There is no IRS limit on the number of IRA accounts you can own. You can have one Roth IRA, three traditional IRAs, a SEP-IRA, and a SIMPLE IRA simultaneously — or any other combination. The constraint isn't the count of accounts; it's the annual contribution limit, which applies cumulatively across all your traditional and Roth IRAs combined ($7,500 under 50, $8,600 if 50+ for 2026, per IRS Notice 2025-67). SEP and SIMPLE IRAs have their own separate limits.
Quick Facts
- check_circleNo federal cap on IRA accounts. Multiple Roth IRAs, multiple traditional IRAs, SEP-IRAs, SIMPLE IRAs — all simultaneously allowed.
- infoCombined Roth + traditional contribution cap: $7,500 (under 50) or $8,600 (50+) for 2026. This is the SUM across every Roth and traditional IRA you own.
- infoSEP and SIMPLE IRAs have separate limits: SEP up to 25% of compensation or $72,000 (2026); SIMPLE up to $17,000 (or $18,100 enhanced under SECURE 2.0 §117).
- warningPro-rata rule aggregates all your traditional, SEP, and SIMPLE IRAs for backdoor Roth conversions per IRC §408(d)(2). Roth IRAs are NOT aggregated for pro-rata.
- check_circleInherited IRAs don't count toward your contribution cap. They're tracked separately under IRC §408(d)(3) and the SECURE 10-year-rule regime.
Why People Have Multiple IRAs
Common scenarios that produce multiple IRAs:
- Job-related rollovers. Each former employer's 401(k) rolled into its own IRA naturally creates separate accounts. Many readers end up with three or four traditional IRAs from job changes alone.
- Different custodians for different purposes. A Vanguard IRA for index funds, a brokerage IRA for individual stocks, a bank IRA for the cash-equivalent portion of a portfolio.
- Roth + traditional split. Many savers use both: traditional for a current-year deduction, Roth for tax-free growth. They're separate accounts even at the same custodian.
- SEP or SIMPLE through self-employment. A side business funds a SEP-IRA in addition to your personal Roth/traditional IRAs.
- Inherited IRAs. Each inheritance creates its own beneficiary IRA, separate from your own contributory IRAs.
The Contribution-Cap Math
The 2026 cap of $7,500 ($8,600 if 50+) applies to your combined contributions to traditional AND Roth IRAs in the same year. If you put $5,000 into a Roth IRA and $3,000 into a traditional IRA, that's $8,000 — over the under-50 cap by $500, exposing you to the §4973 excise tax (6% per year until removed).
SEP-IRA and SIMPLE-IRA contributions are SEPARATE from this cap. A self-employed person under 50 can contribute the full $7,500 to a personal Roth IRA AND fund a SEP-IRA up to 25% of self-employment income (capped at $72,000 for 2026). The two limits don't interact.

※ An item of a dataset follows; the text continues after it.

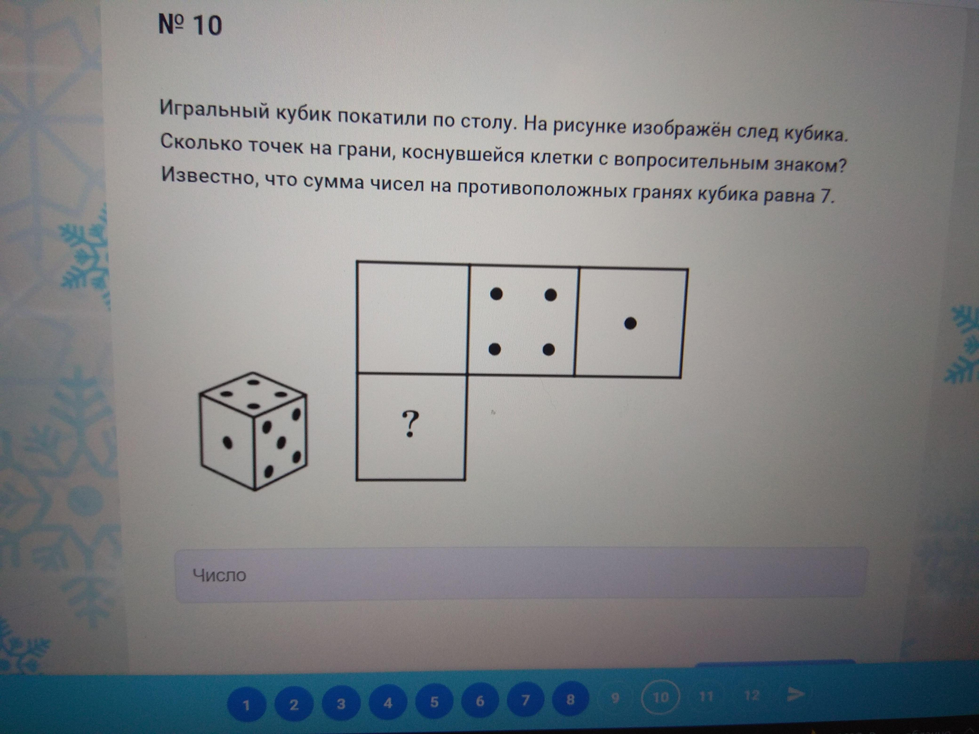 там 5 ,а там 2 ,а значить з тої сторони 6

The IRS doesn't auto-track contributions across custodians. Each custodian reports its account on Form 5498. If your aggregate exceeds the limit, the IRS eventually flags it via a CP2000 notice. Practical hygiene: pick one Roth IRA as your annual contribution destination; treat others as rollover-only or hold-only accounts.
When to Consolidate
For most readers, fewer accounts means simpler tracking, fewer statements, fewer login credentials, and lower risk of an over-contribution mistake. Consolidate via trustee-to-trustee transfer — no taxable event, no 60-day rollover limit, no impact on the once-per-12-months rule (which only applies to indirect rollovers).
Reasons to keep multiple: meaningfully different fund options across custodians, separate beneficiary designations for estate planning, an FDIC-insured bank IRA for a cash-bucket reserve, or compliance with a specific employer's plan rules.